这里用空格 ' ' 作为分隔符，将列表中的单词连接成一个句子。

（2）连接元组中的元素

numbers = ('1', '2', '3')
result = '-'.join(numbers)
print(result)  # 输出: 1-2-3

使用连字符 '-' 作为分隔符，将元组中的数字连接成一个字符串。

（3）连接字符串中的字符

letters = 'abc'
result = ','.join(letters)
print(result)  # 输出: a,b,c

在字符串的每个字符之间插入逗号。

注意事项

join() 方法要求 iterable 中的所有元素都必须是字符串类型，否则会引发 TypeError 异常。

separator 可以是任何字符串，包括空字符串 ''（本题中用法），这将使元素直接连接在一起。

2. 列表方法append()的基本用法

在 Python 中，append() 是列表方法，用于在列表的末尾添加一个元素。这个方法非常常用，尤其是在需要动态构建列表时。

基本语法

list.append(element)

list ：目标列表。

element ：要添加到列表末尾的元素。

常用功能

向列表末尾添加单个元素，可以是不同类型的元素

mixed_list = [1, 2, 3]
mixed_list.append('four')
mixed_list.append([5, 6])
print(mixed_list)  # 输出: [1, 2, 3, 'four', [5, 6]]

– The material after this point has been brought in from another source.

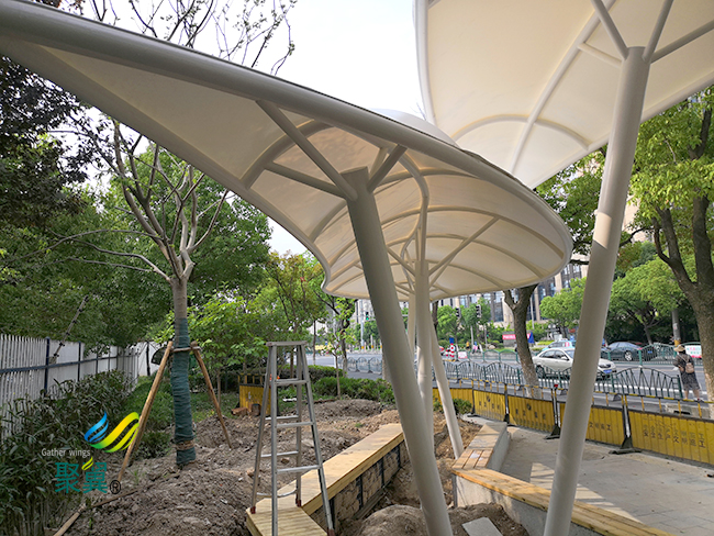 景觀膜結構是一種建筑與結構結合的結構體系,是采用高強度柔性薄膜材料與輔助結構通過一定方式使其內部產生一定的預張應力,并形成應力控制下的某種空間形狀,景觀膜結構作為覆蓋結構或建筑物主體,并具有足夠剛度以抵抗外部荷載作用的一種窄間結構類型。 景觀膜結構結合整體環境,建造出標志性的形象工程,并且實用性強、應用領域廣泛。既可應用了大型公共設施,如體育場館的屋頂系統、機場大廳、展覽中心、購物中心、停車場、站臺設施等。景觀膜結構又可應用于休閑設施、工業設施、入口廊道以及標志性或景觀性的建筑、小品等。
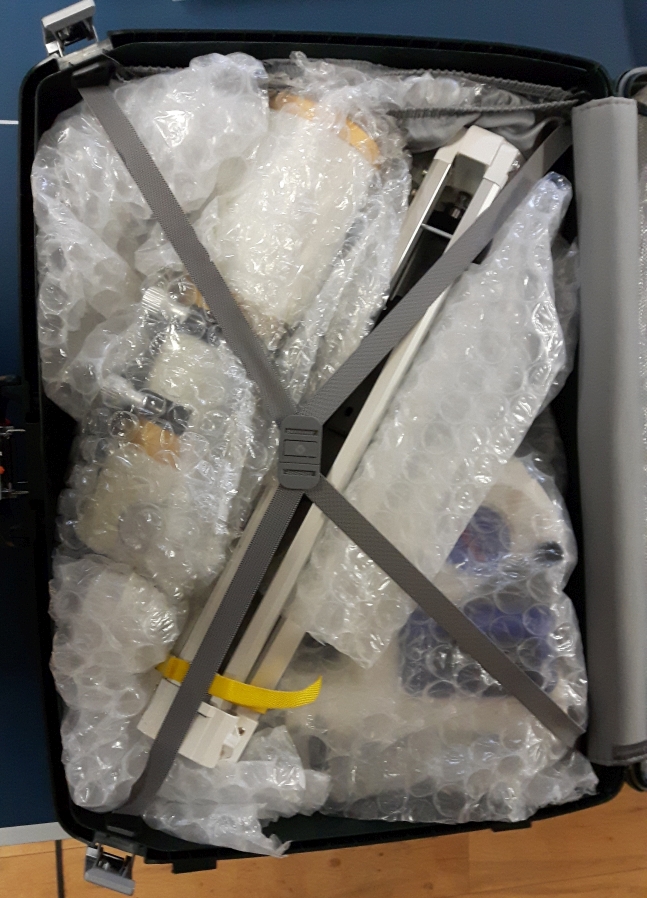 Min 10cm refraktor (utan lins), lättvikts stativ o Vixen Sphinx fick åka i extra väskan. Lins, kamera, dator, okular mm fick spridas ut på övrigt bagage. Man fick ta med 23kg+10kg per person så det var inget större problem. Batteri + en 1l vattenflaska fick vara motvikt.

你可以添加任何类型的元素，包括字符串、数字，甚至是另一个列表。

注意事项

append() 方法是就地修改列表的，它不会返回新的列表，而是直接在原列表上操作。

只能将一个元素添加到列表末尾，如果要添加多个元素，可以使用循环或者其他方法，如extend()。

3. 字典方法values()的基本用法

values() 是一个字典方法，它返回一个包含字典中所有值的视图对象（view object）。这个视图对象包含了字典中每个键所对应的值，而不包含键本身。

假如 word_dict 如下：

word_dict = {
    'hello': {'word': 'hello', 'count': 3},
    'world': {'word': 'world', 'count': 2},
    'python': {'word': 'python', 'count': 5}
}

执行 word_dict.values() 后，会得到一个类似这样的视图对象：

dict_values([
    {'word': 'hello', 'count': 3},
    {'word': 'world', 'count': 2},
    {'word': 'python', 'count': 5}
])

4. 函数list()的基本用法

list() 是一个内置函数，用于将任何可迭代对象转换为列表。

当我们将 word_dict.values() 传递给 list() 函数时，它会将这个视图对象转换为一个真正的列表。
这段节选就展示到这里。